→ **Assigned task**: Your reply should consist only of the lines from the one holding "Шапка XdanqinX мужская" to the last line of the data below, written out exactly and without pictures.

→ **Data**:
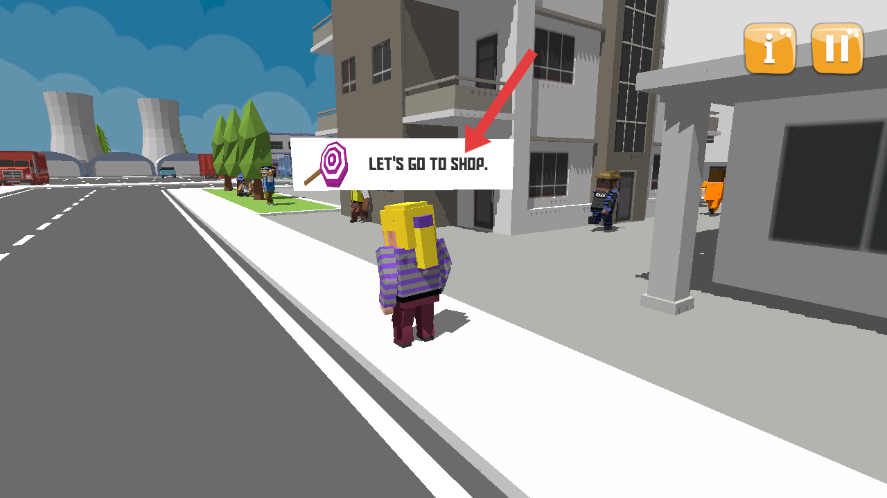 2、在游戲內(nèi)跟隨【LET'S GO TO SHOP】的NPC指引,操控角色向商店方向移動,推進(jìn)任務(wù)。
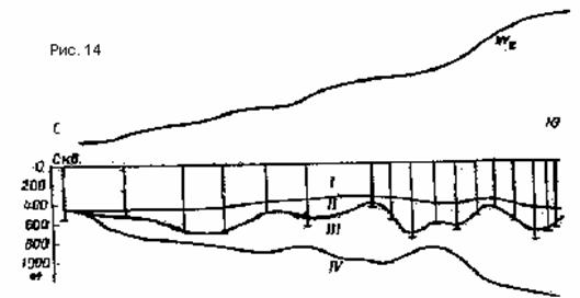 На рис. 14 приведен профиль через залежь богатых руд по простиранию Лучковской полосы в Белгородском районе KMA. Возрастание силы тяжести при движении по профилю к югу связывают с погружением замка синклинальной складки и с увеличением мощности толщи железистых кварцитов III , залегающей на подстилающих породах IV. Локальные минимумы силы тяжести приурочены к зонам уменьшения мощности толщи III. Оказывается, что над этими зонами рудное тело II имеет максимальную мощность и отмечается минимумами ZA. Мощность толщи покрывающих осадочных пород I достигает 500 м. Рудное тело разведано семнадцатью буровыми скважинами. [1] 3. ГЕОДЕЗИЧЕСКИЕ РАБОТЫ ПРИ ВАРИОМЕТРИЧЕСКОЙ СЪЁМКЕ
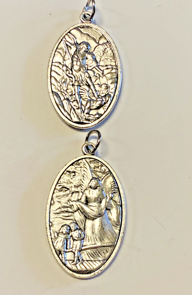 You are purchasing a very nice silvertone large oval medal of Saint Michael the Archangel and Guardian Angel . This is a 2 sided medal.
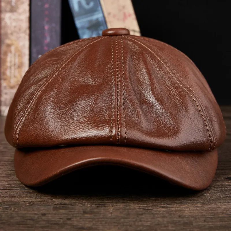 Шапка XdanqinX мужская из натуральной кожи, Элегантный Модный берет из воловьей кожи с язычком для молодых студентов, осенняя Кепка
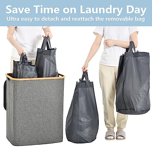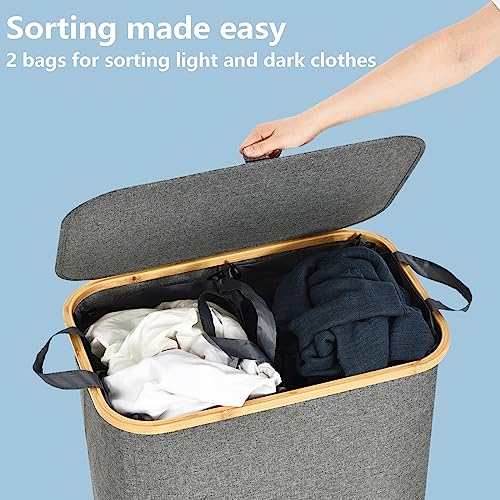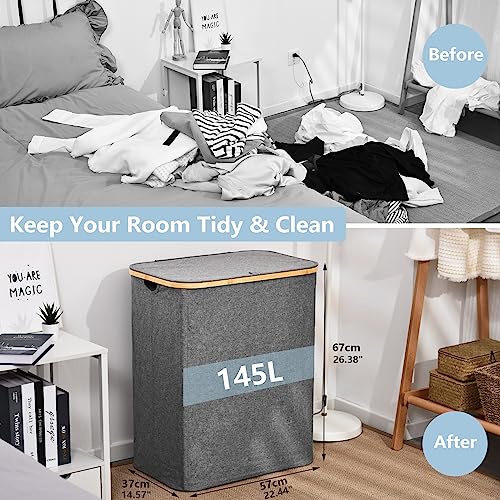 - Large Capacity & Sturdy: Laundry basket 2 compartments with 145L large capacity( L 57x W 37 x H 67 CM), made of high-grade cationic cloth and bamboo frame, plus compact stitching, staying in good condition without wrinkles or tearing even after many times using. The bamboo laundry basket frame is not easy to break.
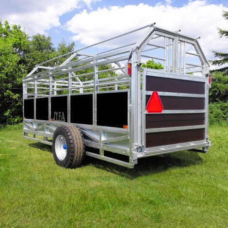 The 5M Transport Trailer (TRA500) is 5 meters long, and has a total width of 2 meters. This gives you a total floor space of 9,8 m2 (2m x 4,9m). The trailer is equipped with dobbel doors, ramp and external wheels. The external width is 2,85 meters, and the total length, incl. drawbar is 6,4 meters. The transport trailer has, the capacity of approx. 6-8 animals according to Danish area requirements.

→ **Task response**:
 Шапка XdanqinX мужская из натуральной кожи, Элегантный Модный берет из воловьей кожи с язычком для молодых студентов, осенняя Кепка
 - Large Capacity & Sturdy: Laundry basket 2 compartments with 145L large capacity( L 57x W 37 x H 67 CM), made of high-grade cationic cloth and bamboo frame, plus compact stitching, staying in good condition without wrinkles or tearing even after many times using. The bamboo laundry basket frame is not easy to break.
 The 5M Transport Trailer (TRA500) is 5 meters long, and has a total width of 2 meters. This gives you a total floor space of 9,8 m2 (2m x 4,9m). The trailer is equipped with dobbel doors, ramp and external wheels. The external width is 2,85 meters, and the total length, incl. drawbar is 6,4 meters. The transport trailer has, the capacity of approx. 6-8 animals according to Danish area requirements.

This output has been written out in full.